Zinc-air batteries (ZABs) assembled with iron-decorated multifunctional oxygen catalysts have emerged as promising contenders for energy storage and conversion systems. However, sluggish and multi-protonated redox steps and restricted electron/ion transfer pathways have hampered their commercialization. Herein, these challenges are addressed by synchronously constructing BN-supported FeP (FeP-BN) oxygen electrocatalysts employing an active site switching strategy to create ZABs that can simultaneously improve oxygen reaction kinetics, mass transfer dynamics, and tolerance. The strong coupling between FeP and BN substrates modulates the electronic structure of the active site and optimizes the adsorption/desorption behaviors of oxygen-containing intermediates, thereby significantly lowering the energy barrier of the rate-determining step of the oxygen reduction/evolution reaction (ORR/OER). Consequently, the as-prepared FeP-BN electrode possess remarkable oxygen electrocatalytic activity with high half-wave potential (0.94 V) for ORR and low overpotential (224 and 80 mV) at 10 mA cm-2 for OER and hydrogen evolution reaction (HER).

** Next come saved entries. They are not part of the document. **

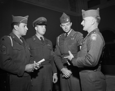 Lieutenant Hervey E. Keator, right, of the 82nd Airborne Division, briefs two 82nd military police from Fort Bragg, N. C., and a Carswell Air Force Base air policeman on methods of keeping the peace in town Saturday night between the 1,000 visiting paratroopers and Carswell airmen. Left to right are Sergents C. J. Lopez, Fort Bragg; Jesse A. Wallace, Carswell, and Estill Williamson, Fort Bragg.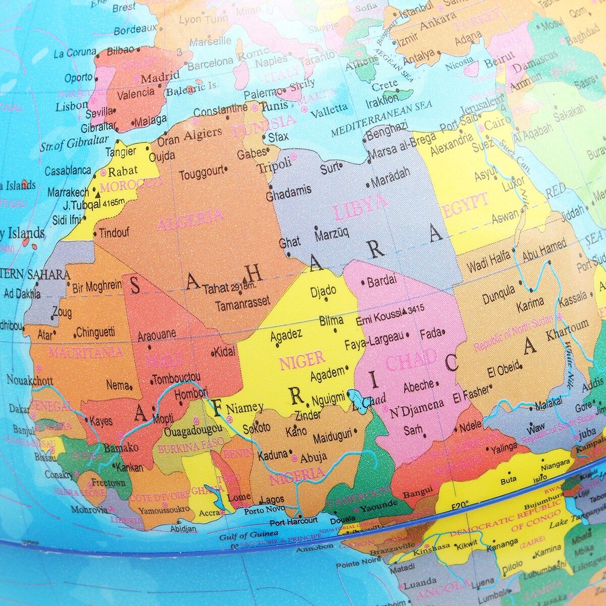 A simple, yet informative and educational desktop world globe beautifully arranged in a spectrum of vivid colors.Expand your perspective and enhance your knowledge of our earth and its geography.It features up-to-date cartography, vibrant blue oceans and colorful landmasses with political boundaries.The globe is held by a semi meridian mounted on a durable black colored plastic base.Perfect for home, school, and office. Great for children & adults of all ages.Features vibrant blue oceans and color landmasses with political boundaries.Durable gold plastic base and high clearly Printing provide you a wonderful using experience.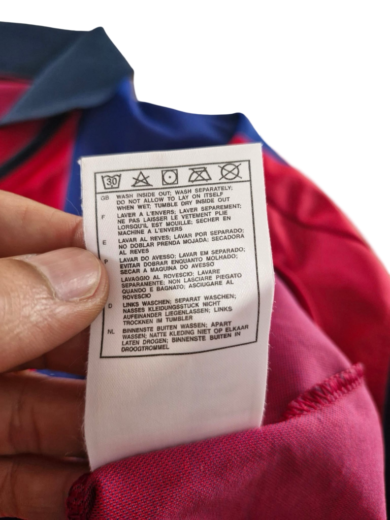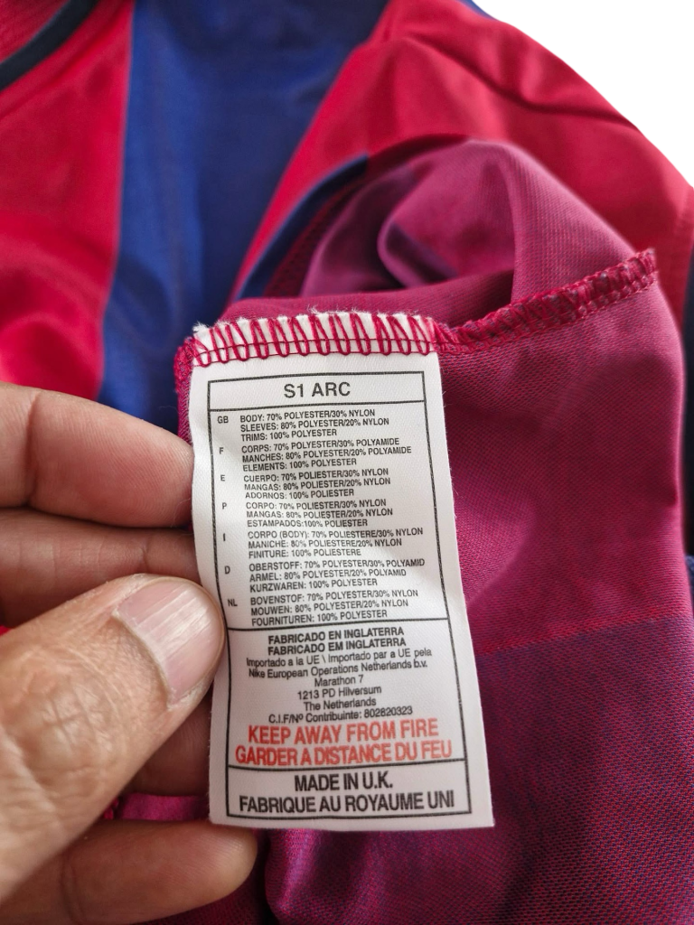 The Barcelona 2000 Home Shirt sits at the intersection of two eras—Nike’s rise in club kit innovation and a turbulent time for the team on the pitch. Known issues include confusion between the 1999–2000 and 2000–01 versions, which featured similar layouts but slight differences in collar design and crest placement. Many replicas lack the authentic inner neck labels or use incorrect sponsor tagging from other seasons. Fabric shine and colour bleed between the red and blue panels are common on poorly stored originals.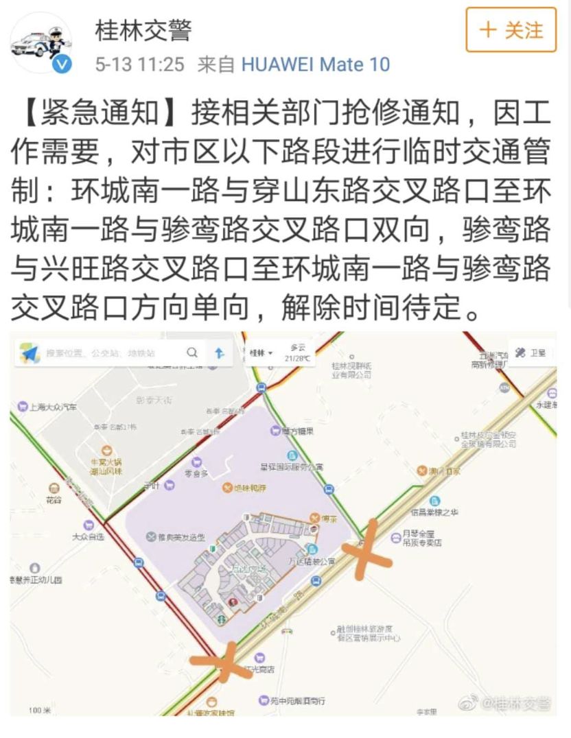 中午12時,@廣西消防官微發(fā)布了一警情速報:5月13日9時2分,桂林消防支隊接到報警:七星區(qū)萬達廣場1號門附近路上一下水管道冒煙。9時7分,消防員到達到場,經(jīng)了解現(xiàn)場為附近和平村管道施工時不慎挖斷燃氣管道造成泄漏,新奧燃氣公司技術(shù)人員正在進行處置。消防員協(xié)助現(xiàn)場交警進行警戒和監(jiān)護,無人員傷亡。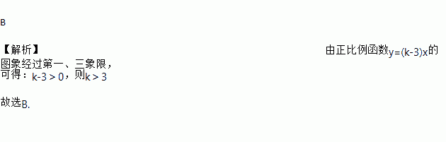 正比例函数y=(k-3)x的图象经过一、三象限,那么k的取值范围是( )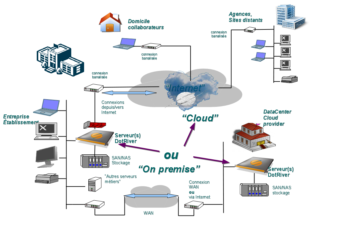 OfficeRiver : C'est tout DotRiver sur des serveurs dédiés à une organisation (possible en cluster). Hébergé en propre, par DotRiver, un tiers, sur une offre « cloud », OfficeRiver est supervisé et administré par nos soins.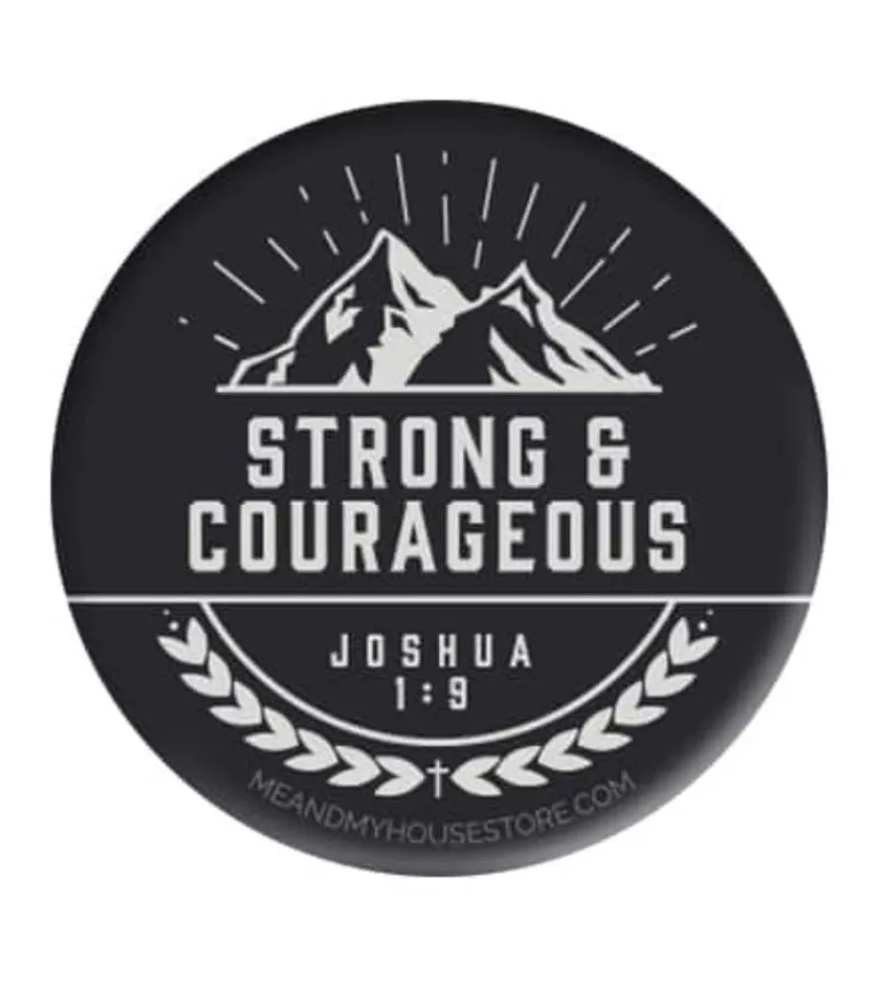 Fint badge med et godt budskab. Badgen minder om, at vi kan være stærke og modige fordi Gud er med os – det er en god reminder at bære med sig på skoletasken eller trøjen.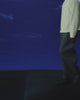 A person stands in profile against a night sky, wearing a white shirt, dark shoes, and Sundae School's CHARCOAL HANBOK CHINO PANTS with a hanbok-inspired silhouette.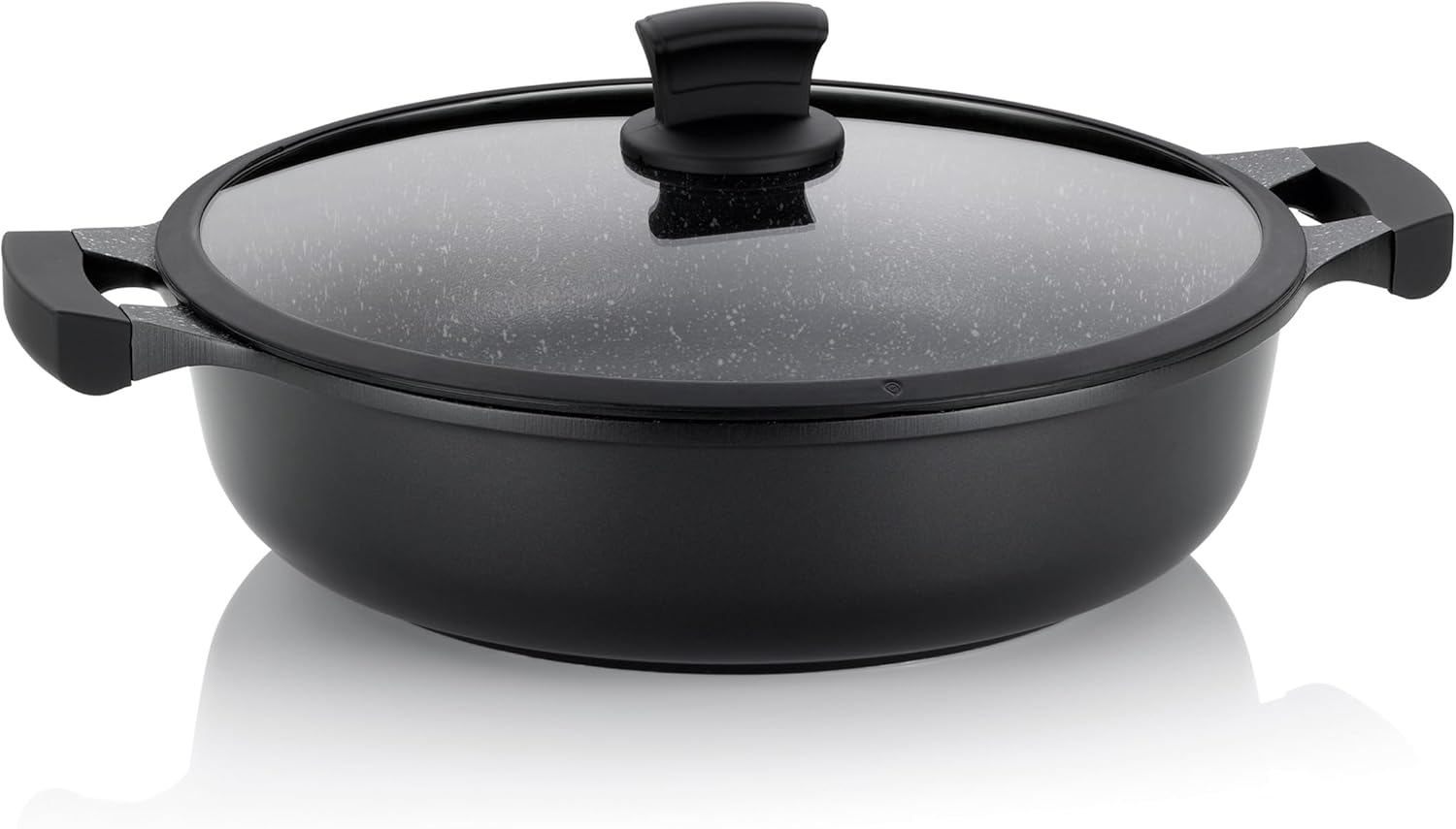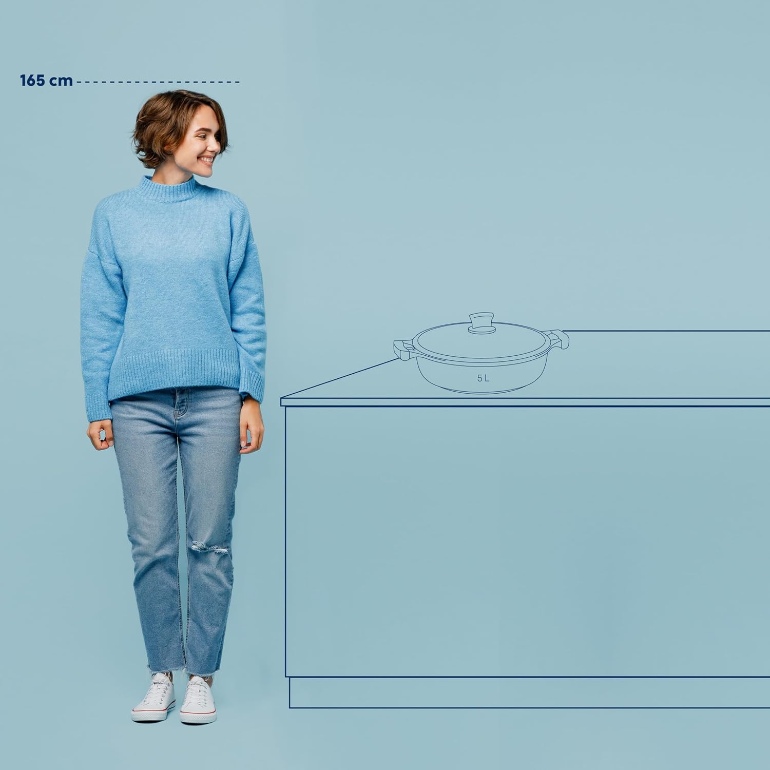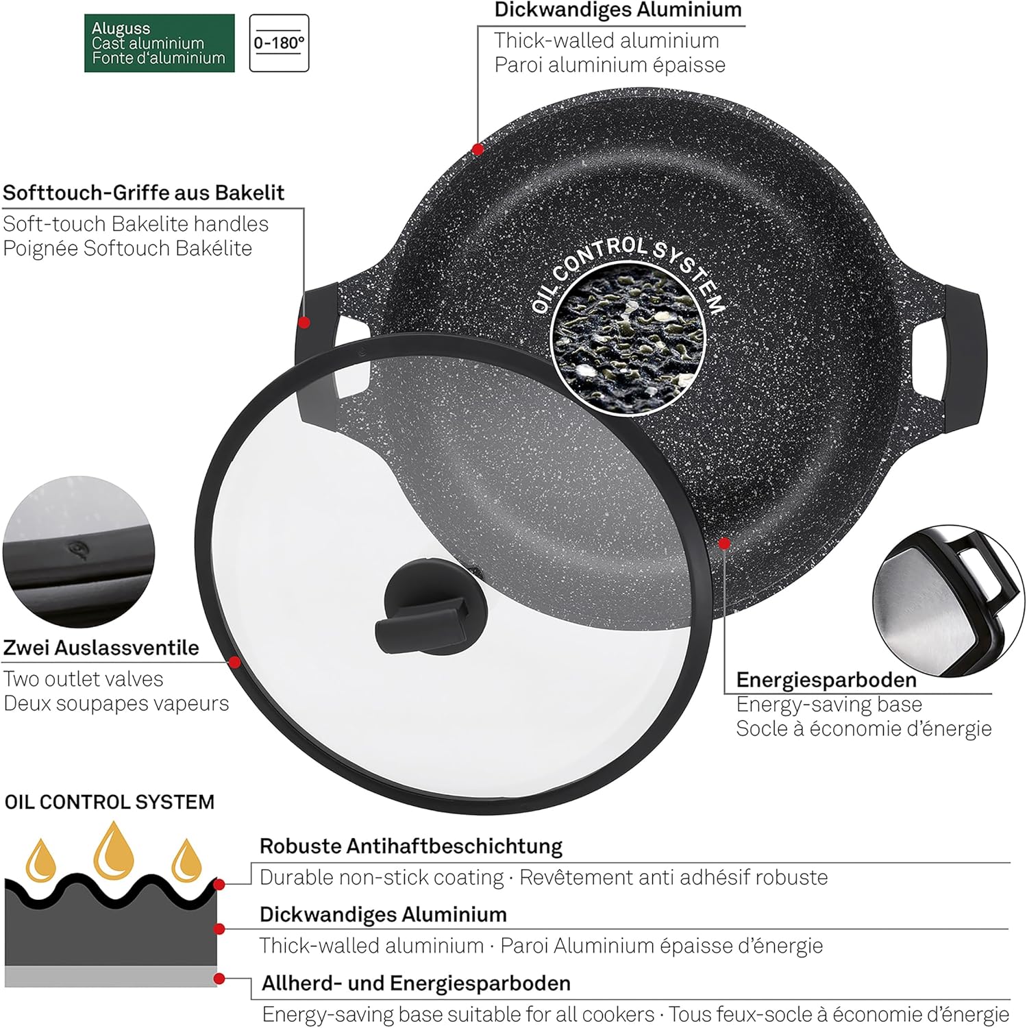• Gesünderes Kochen: Nährstoffschonend, Reduzierte Nutzung von Öl und Bratfett durch 3-fache Antihaftbeschichtung, Hitzebeständige Soft-Touch-Griffe an Pfanne und Deckel

Furthermore, the assembled flexible solid-state ZABs in sandwich configuration obtains a maximum power density of 87.20 mW cm-2, an extraordinary stability over 210 cycles, and a high round-trip efficiency of 62.31%. This research provides novel insights into the rational design of multifunctional electrocatalysts with host-guest role swapping and paves the way for their commercial implementation in wearable devices.